02.11.2014 Consent Order of Suspension [Macon County]

North Carolina State Bar Building Photo Courtesy of the North Carolina State Bar

On February 14, 2013, William R. Shilling was arrested and charged with misdemeanor child abuse and communicating threats.  The charges stemmed from an alleged domestic violence incident.  Three months later, Mr. Shilling pled guilty to both counts.  Following the guilty plea, Shilling received a 60-day suspended sentence.  The court also entered a Domestic Violence Protective Order  (DVPO).  In October of 2013, Shilling was found guilty of violating the DVPO.  He received a 75-day suspended sentence.  Additionally, in response to a grievance filed with the State Bar, Mr. Shilling made false statements about the events that precipitated his arrest and subsequent conviction.
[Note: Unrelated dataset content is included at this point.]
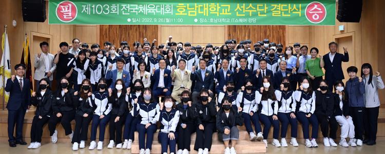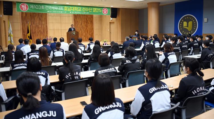 À̹ø Àü±¹Ã¼Àü¿¡ ¹è±¸¡¤Ææ½Ì¡¤Å¹±¸¡¤º¼¸µ¡¤¾¾¸§ µî 9°³ Á¾¸ñ 65¸í(¼±¼ö 53¸í, ÀÓ¿ø 12¸í)ÀÌ ÃâÀüÇϴ ȣ³²´ë ¼±¼ö´Ü °á´Ü½Ä¿¡´Â ¹Ú»óö È£³²´ëÇб³ ÃÑÀå°ú °¢ ´Ü°ú´ëÇÐ ÇС¤Ã³Àå, ±³¼öÁø, ÀÌ»óµ¿ ±¤ÁÖ±¤¿ª½ÃüÀ°È¸Àå°ú Á¾¸ñº°ÇùȸÀå, üÀ°Çаú µ¿¹®È¸ µî ³»¿Üºó°ú ¼±¼ö´Ü µî 100¿© ¸íÀÌ Âü¼®Çß´Ù.

The hearing panel concluded that Shilling’s criminal acts and false statements violated Rule 8.4 of the North Carolina Rules of Professional Conduct.  After weighing various disciplinary options, the panel suspended Shilling from the practice of law for two years.  Shilling may petition for a stay, however, after serving one year of the suspension.  Such petition may be granted if Shilling demonstrates compliance with various conditions listed in the disciplinary order.

View the full disciplinary order below.

Trouble viewing? Click here to download the order (PDF, 416KB).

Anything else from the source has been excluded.